Exercise prompt
Write out again, exactly, the lines below starting at the one with "这本书已然成为重生都市文最长" and ending at the one with "こんにちは!島の文化財の宮津".

Provided records

┄┄┄┄┄┄┄┄┄┄┄┄┄┄┄┄┄┄┄┄

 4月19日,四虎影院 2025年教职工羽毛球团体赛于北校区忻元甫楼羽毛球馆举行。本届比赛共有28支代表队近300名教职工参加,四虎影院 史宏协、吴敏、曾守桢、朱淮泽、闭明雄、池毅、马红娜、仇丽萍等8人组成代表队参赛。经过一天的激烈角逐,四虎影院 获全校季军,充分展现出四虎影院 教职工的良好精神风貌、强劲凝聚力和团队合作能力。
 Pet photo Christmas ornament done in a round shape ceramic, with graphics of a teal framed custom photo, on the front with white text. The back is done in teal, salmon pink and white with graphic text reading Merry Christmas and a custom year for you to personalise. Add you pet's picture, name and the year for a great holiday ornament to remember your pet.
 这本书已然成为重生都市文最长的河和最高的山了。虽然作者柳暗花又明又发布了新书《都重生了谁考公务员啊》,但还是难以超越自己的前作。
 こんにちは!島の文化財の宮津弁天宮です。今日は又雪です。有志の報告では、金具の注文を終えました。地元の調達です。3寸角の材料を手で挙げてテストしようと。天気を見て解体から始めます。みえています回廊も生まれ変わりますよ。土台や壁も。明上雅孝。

┄┄┄┄┄┄┄┄┄┄┄┄┄┄┄┄┄┄┄┄

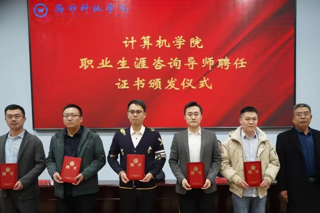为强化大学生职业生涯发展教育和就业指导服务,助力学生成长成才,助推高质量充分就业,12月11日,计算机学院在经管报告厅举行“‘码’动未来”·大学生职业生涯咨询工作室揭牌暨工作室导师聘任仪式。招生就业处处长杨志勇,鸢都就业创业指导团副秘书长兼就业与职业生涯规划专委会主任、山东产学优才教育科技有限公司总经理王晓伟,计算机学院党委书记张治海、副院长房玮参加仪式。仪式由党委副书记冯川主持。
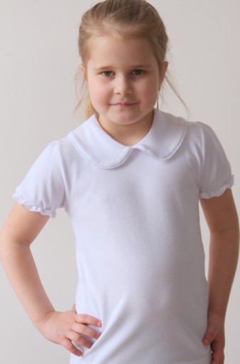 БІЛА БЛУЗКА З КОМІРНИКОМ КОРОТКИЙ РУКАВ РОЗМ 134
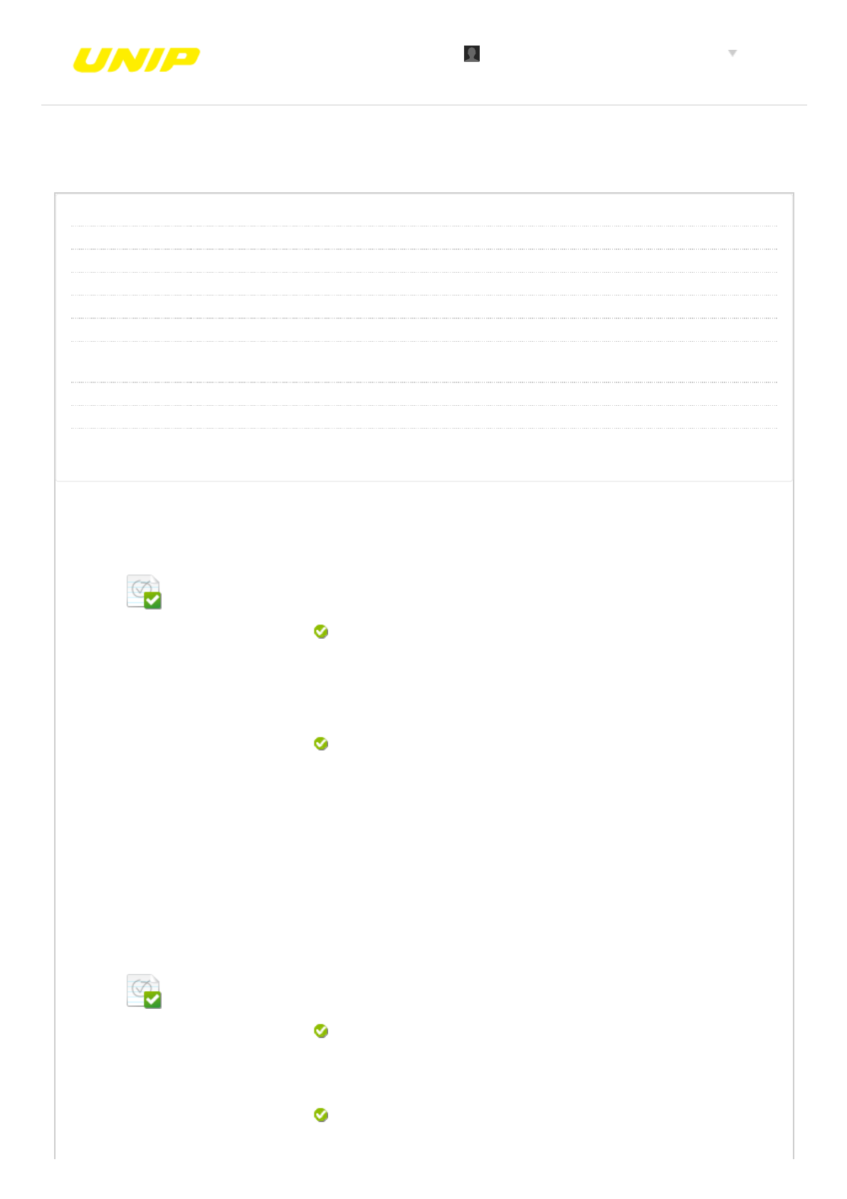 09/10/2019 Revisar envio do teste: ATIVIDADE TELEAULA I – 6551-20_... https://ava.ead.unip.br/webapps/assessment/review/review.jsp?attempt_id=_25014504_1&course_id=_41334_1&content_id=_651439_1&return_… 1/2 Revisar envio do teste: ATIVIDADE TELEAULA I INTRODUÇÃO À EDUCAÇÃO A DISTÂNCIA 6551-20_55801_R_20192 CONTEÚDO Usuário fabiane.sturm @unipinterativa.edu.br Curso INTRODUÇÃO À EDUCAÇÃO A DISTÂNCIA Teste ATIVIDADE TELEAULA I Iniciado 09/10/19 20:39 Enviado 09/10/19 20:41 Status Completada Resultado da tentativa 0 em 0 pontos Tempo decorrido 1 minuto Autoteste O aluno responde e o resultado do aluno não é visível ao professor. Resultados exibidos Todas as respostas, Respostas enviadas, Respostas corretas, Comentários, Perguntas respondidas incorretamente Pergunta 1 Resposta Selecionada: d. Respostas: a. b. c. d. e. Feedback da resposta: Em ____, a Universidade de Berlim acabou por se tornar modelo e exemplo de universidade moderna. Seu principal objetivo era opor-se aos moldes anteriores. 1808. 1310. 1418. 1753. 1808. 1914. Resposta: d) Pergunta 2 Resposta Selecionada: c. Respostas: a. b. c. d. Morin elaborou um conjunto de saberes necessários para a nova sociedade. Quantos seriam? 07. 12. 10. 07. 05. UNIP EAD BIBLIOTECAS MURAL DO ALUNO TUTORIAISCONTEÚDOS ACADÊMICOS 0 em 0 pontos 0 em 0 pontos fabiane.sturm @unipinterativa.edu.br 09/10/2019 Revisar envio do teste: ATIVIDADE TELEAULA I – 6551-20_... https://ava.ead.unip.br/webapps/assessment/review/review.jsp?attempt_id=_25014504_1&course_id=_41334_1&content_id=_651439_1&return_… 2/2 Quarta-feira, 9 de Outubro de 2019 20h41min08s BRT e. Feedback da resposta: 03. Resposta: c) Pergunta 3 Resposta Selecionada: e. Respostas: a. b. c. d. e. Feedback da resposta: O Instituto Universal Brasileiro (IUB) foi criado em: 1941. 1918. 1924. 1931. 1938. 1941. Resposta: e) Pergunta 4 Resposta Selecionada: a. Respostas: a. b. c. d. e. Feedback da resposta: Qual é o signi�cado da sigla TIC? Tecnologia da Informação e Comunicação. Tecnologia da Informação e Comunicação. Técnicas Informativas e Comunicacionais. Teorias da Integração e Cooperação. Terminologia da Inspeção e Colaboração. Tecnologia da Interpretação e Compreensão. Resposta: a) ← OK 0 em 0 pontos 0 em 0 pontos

┄┄┄┄┄┄┄┄┄┄┄┄┄┄┄┄┄┄┄┄

Solution for this problem
 这本书已然成为重生都市文最长的河和最高的山了。虽然作者柳暗花又明又发布了新书《都重生了谁考公务员啊》,但还是难以超越自己的前作。
 こんにちは!島の文化財の宮津弁天宮です。今日は又雪です。有志の報告では、金具の注文を終えました。地元の調達です。3寸角の材料を手で挙げてテストしようと。天気を見て解体から始めます。みえています回廊も生まれ変わりますよ。土台や壁も。明上雅孝。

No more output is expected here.